Was Peter Jackson nun geschaffen hat, überzeugt mich denn auch weitgehend. Sicherlich habe ich meine Kritikpunkte, aber Jackson hat den Geist der Geschichte meistenteils erfasst und ihn so gut umgesetzt, wie dies mit den begrenzten Mitteln des Filmes möglich ist (begrenzt im Vergleich zu den unbegrenzten Möglichkeiten unserer Phantasie - grundsätzlich ist die Lektüre durch nichts zu ersetzen, wie ich hier unter dem Titel "Warum Tolkien lesen?" ausführe). Und aus diesem Grund sage ich auch, dass das Produkt mich im Wesentlichen befriedigt, wenn es auch immer noch Grund für substanzielle Kritik gibt.

Deshalb zunächst doch noch einige skeptische Gedanken, die sich hauptsächlich um das mit der Visualisierung einhergehende Problem drehen. Denn eigentlich sollte man ja annehmen, dass die Konkretisierung der Feind der Phantasie ist. Schließlich hatten wir alle eigene Bilder von Frodo, Gandalf, Bruchtal und dem Orthanc in unserem Kopf und kriegen auf der Leinwand doch nur die Bilder präsentiert, die der Regisseur von Frodo, Gandalf, Bruchtal und dem Orthanc in seinem Kopf hatte: der Regisseur eines Filmes bügelt mit seiner Umsetzung radikal über die persönlichen Eindrücke von Personen und Orten hinweg, indem er uns Bilder vorsetzt, die sich in diktatorischer Manier vor die inneren Bilder zu schieben drohen, die man sich bei der Lektüre gemacht hatte. Und dies war auch der Hauptgrund meiner Skepsis – wie würde sich der Film mit meinen Vorstellungen vertragen? Ich kenne auch begeisterte Tolkienleser, die sich die Filme aus genau diesem Grund nie angesehen haben. Und die kann ich gut verstehen, denn es besteht eben die Gefahr, von den Bildern überfahren zu werden: „Der Herr der Ringe ist ein durch und durch visuelles Werk, also muss jeder, der versucht, die Worte in Bilder umzusetzen, immer auch jemandes Vorstellungen verletzen“ (Veugen 2005, 191).
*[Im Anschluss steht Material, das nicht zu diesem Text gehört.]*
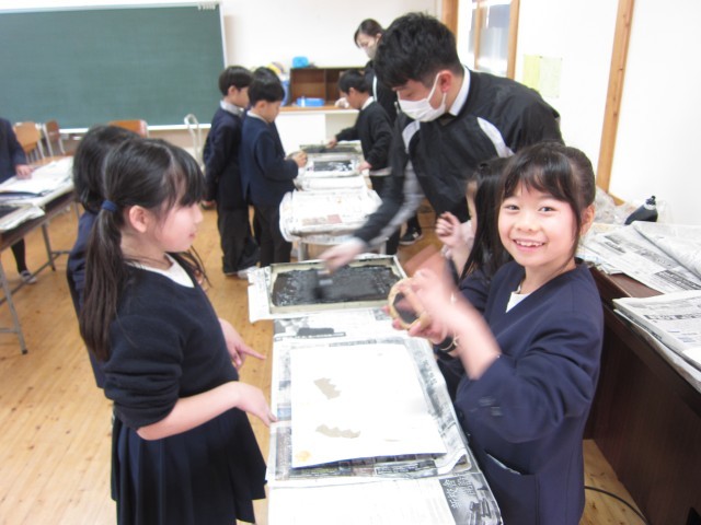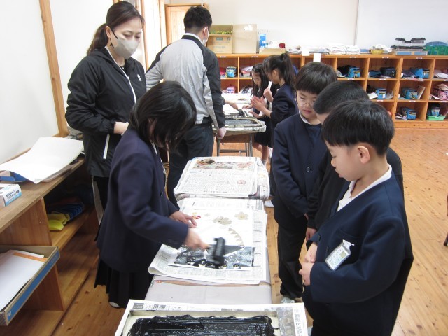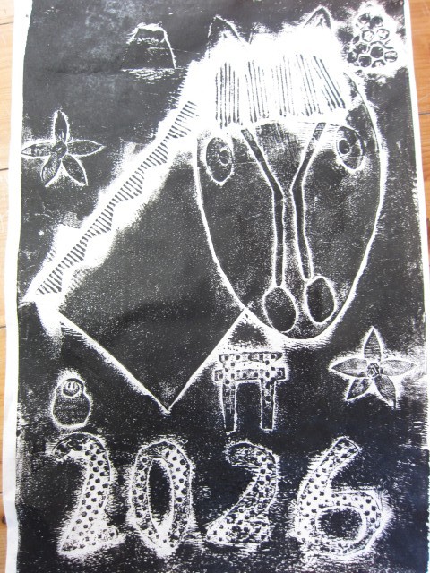 授業の様子(2年生) 公開日 2026/02/06 更新日 2026/02/06 お知らせ 2年生も紙版画の印刷の活動をしました。小学校では2回目なので、慣れた手つきで作業を進めていました。今年の干支である「午(うま)」をテーマに作品を仕上げました。どの子どもも、作品が仕上がると表情が緩み、嬉しそうな笑みで作品を飾っていました! +7

Jackson hat dies aber offenbar mitbedacht und das Beste daraus gemacht. So fand er Schauspieler, die ihre Rollen größtenteils leben. Sicher wird sich niemand einen Gandalf mit der exakten Physiognomie von Sir Ian McKellen vorgestellt haben – aber McKellen wird zu Gandalf in den Szenen, in denen er ihn verkörpert, das spürt man an seinem Schauspiel und das überträgt sich ins Parkett. Oder die meisten Elben. Menschen sind keine Elben – also können sie sie auch nicht realistisch darstellen. Doch Menschen können das elbische Wesen in ihrem Spiel zeigen und das tun sie meiner Meinung nach, besonders in Legolas´ bzw. Orlando Blooms zurückhaltendem Mienenspiel oder im Fall von Cate Blanchetts ätherischer Erscheinung. Anders als bei meiner Kritik an Arwen vorgestern, geht es im Falle Galadriels auch nicht darum, dass die besondere Schönheit dieser Elbin im Vordergrund steht, sondern es geht um die Macht dieser Frau, es geht um ihren spezifisch elbischen Zauber, den Cate Blanchett meiner Meinung nach einfach rüberbringen kann. Es gibt zwar auch Entgleisungen wie Craig Parker, dessen Haldir aussieht als sei er fünfzehn Jahre auf Kortison (das war aber die von Jackson angeordnete Maske, ich kenne Craig seit vielen Jahren und er sieht im wahren Leben viel elbischer aus als im Film). Aber geschenkt! Oder nehmen wir Sam. Er hat seine großen Szenen natürlich erst im dritten Teil – aber die Art und Weise wie Sean Astin Sam stur in den Anduin laufen lässt, egal was dabei aus ihm werden wird, das ist der Sam, so wie ihn sich Tolkien gedacht hat. Und dann macht es überhaupt nichts, dass diese Szene im Buch anders geschildert wird. Im Buch zeigt der Dialog die Liebe Sams zu seinem Herrn und vice versa - im Film zeigen die Bilder genau das Gleiche! Das ist auch völlig okay – schließlich erzählt Film primär mit visuellen Mitteln. Also darf Film auch inhaltlich abweichen, solange er dem Geist der Vorlage treu bleibt.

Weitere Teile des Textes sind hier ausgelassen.